## Data section
_ _ _ _ _
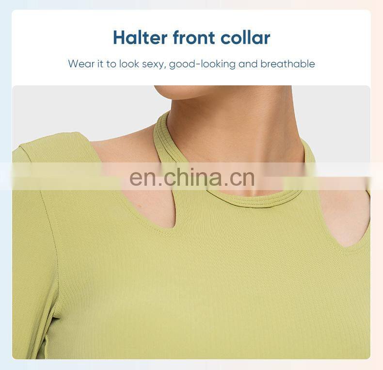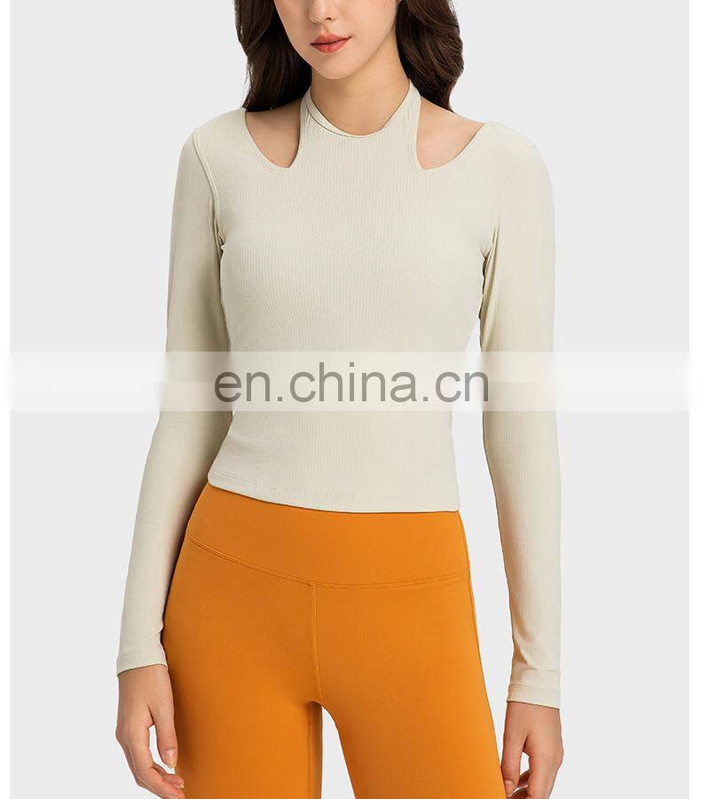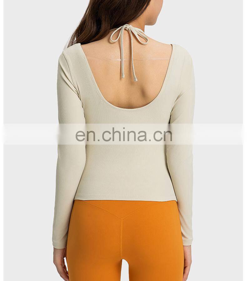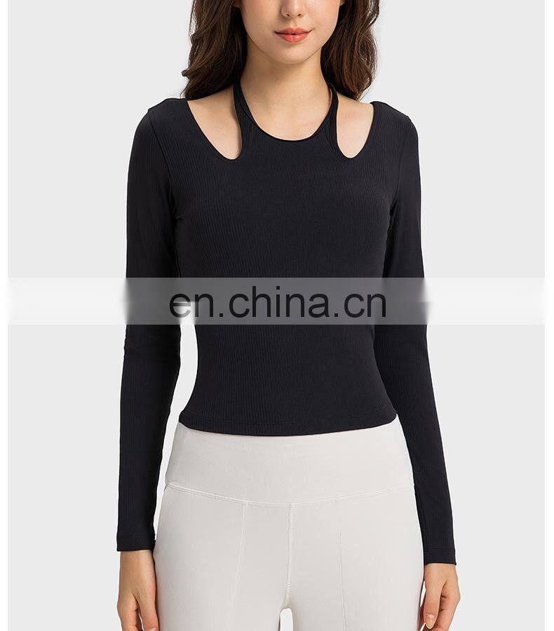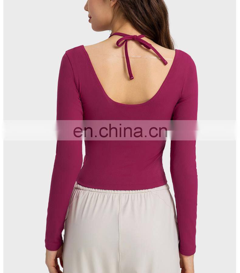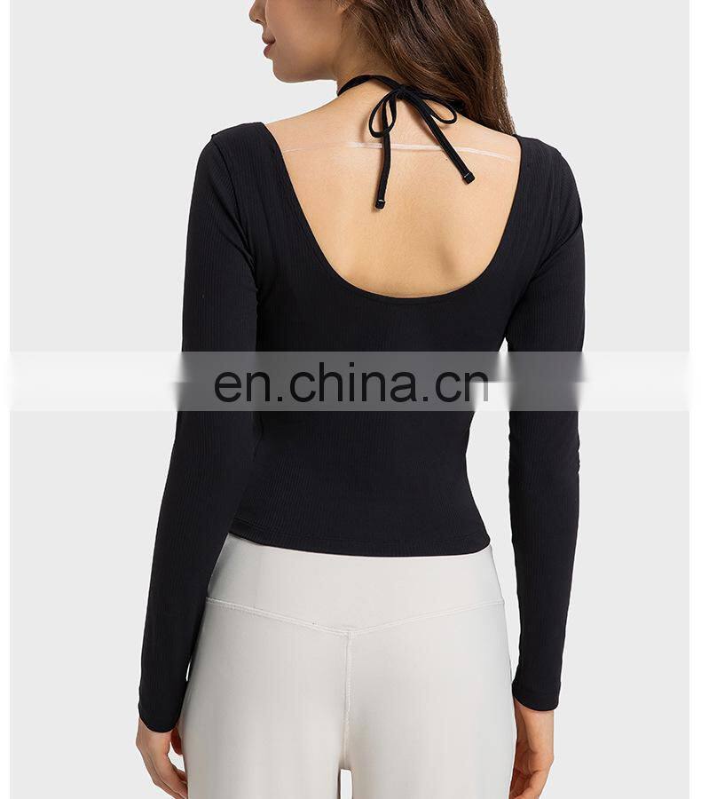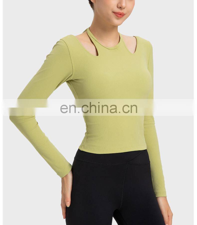 New Ladies T-shirt Running Wear Custom Sports Shirts Gym Fitness Top Women Long Sleeve Ribbed Strappy Halter Yoga T Shirt
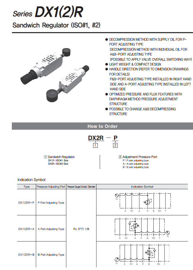 Module chỉnh áp DX1 ( 2 ) R có chức năng trực tiếp chỉnh áp lực cho van điện từ kiểu lắp module, module chỉnh áp có thể lựa chọn điều chỉnh áp cửa P, điều chỉnh áp cửa A và điều chỉnh áp cửa B
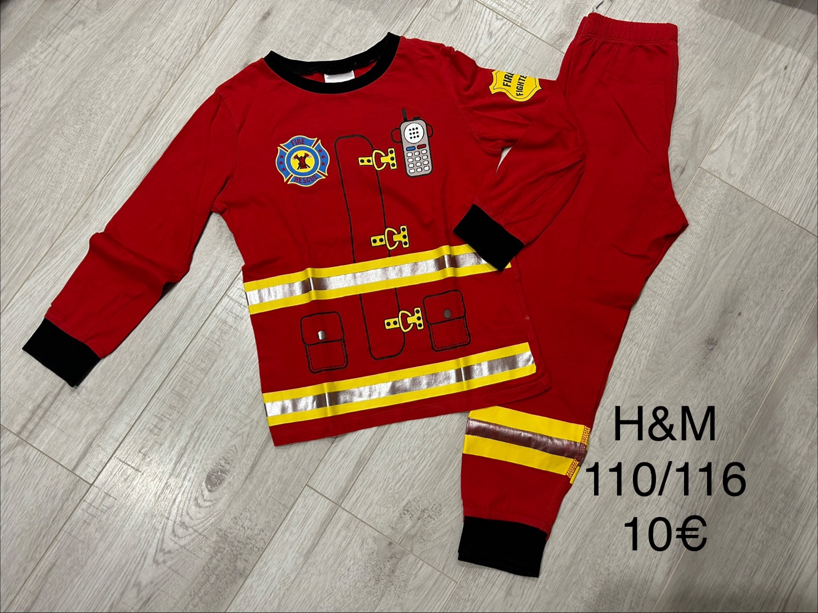 Pyžamo H&M veľkosť 4-6rokov,110-116,vrch tričkovina,spodok flanel,zašitá dierka nad vreckom,nazehlene meno.
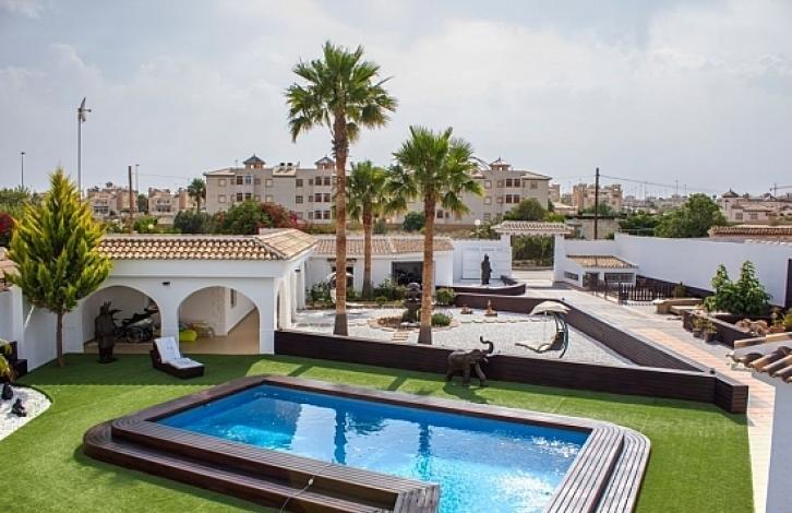 Потрясающая одноэтажная вилла с домом для гостей и СПА-центром в районе Кабо Роиг (Ориуэла Коста), земельный участок площадью более 1500 м2, распределенный в различных обстановках (сады, бассейн, чилаут и т.д.), с охранной сигнализацией, камерами наблюдения и датчиками периметра помещения. Главный дом 275 м2 в стиле авангарда, отдельный дом с захватывающим дизайн салона 80 м2, кухня высокого уровня, офис, 3 спальни с двуспальными кроватями и 2 ванные комнаты. Спальня, 45 м2, есть гардеробная и ванная комната с гидромассажной кабиной,телевизор,ванная комната, турецкая баня и т.д., и терраса – солярий с видом на море.Имееться Кондиционер во всех комнатах и отопление с помощью радиаторов с низким энергопотреблением.Спа находится рядом с бассейном, с джакузи, гидромассажной кабиной, сауной и ванной комнатой.Гостевой дом имеет отдельный вход и состоит из 1 просторной спальни и одной ванной комнаты. Закрытый гараж с вместимостью до 3 транспортных средств. Впечатляющий сад в японском стиле Дзен несколько различных зон: беседка, зона Чилаут (Chillout) и Барбекю с краном для пива, дизайн стойка с оргстеклом и подсветкой. Садовая мебель из плетеной смолы.Бассейн с подогревом и ночной подсветкой. Он поддерживает 32 градуса круглый год с помощью теплового насоса.
_ _ _ _ _
## Task brief
The pictures are to be omitted, and the rest of the listing is to be transcribed exactly.

## Completed task
 New Ladies T-shirt Running Wear Custom Sports Shirts Gym Fitness Top Women Long Sleeve Ribbed Strappy Halter Yoga T Shirt
 Module chỉnh áp DX1 ( 2 ) R có chức năng trực tiếp chỉnh áp lực cho van điện từ kiểu lắp module, module chỉnh áp có thể lựa chọn điều chỉnh áp cửa P, điều chỉnh áp cửa A và điều chỉnh áp cửa B
 Pyžamo H&M veľkosť 4-6rokov,110-116,vrch tričkovina,spodok flanel,zašitá dierka nad vreckom,nazehlene meno.
 Потрясающая одноэтажная вилла с домом для гостей и СПА-центром в районе Кабо Роиг (Ориуэла Коста), земельный участок площадью более 1500 м2, распределенный в различных обстановках (сады, бассейн, чилаут и т.д.), с охранной сигнализацией, камерами наблюдения и датчиками периметра помещения. Главный дом 275 м2 в стиле авангарда, отдельный дом с захватывающим дизайн салона 80 м2, кухня высокого уровня, офис, 3 спальни с двуспальными кроватями и 2 ванные комнаты. Спальня, 45 м2, есть гардеробная и ванная комната с гидромассажной кабиной,телевизор,ванная комната, турецкая баня и т.д., и терраса – солярий с видом на море.Имееться Кондиционер во всех комнатах и отопление с помощью радиаторов с низким энергопотреблением.Спа находится рядом с бассейном, с джакузи, гидромассажной кабиной, сауной и ванной комнатой.Гостевой дом имеет отдельный вход и состоит из 1 просторной спальни и одной ванной комнаты. Закрытый гараж с вместимостью до 3 транспортных средств. Впечатляющий сад в японском стиле Дзен несколько различных зон: беседка, зона Чилаут (Chillout) и Барбекю с краном для пива, дизайн стойка с оргстеклом и подсветкой. Садовая мебель из плетеной смолы.Бассейн с подогревом и ночной подсветкой. Он поддерживает 32 градуса круглый год с помощью теплового насоса.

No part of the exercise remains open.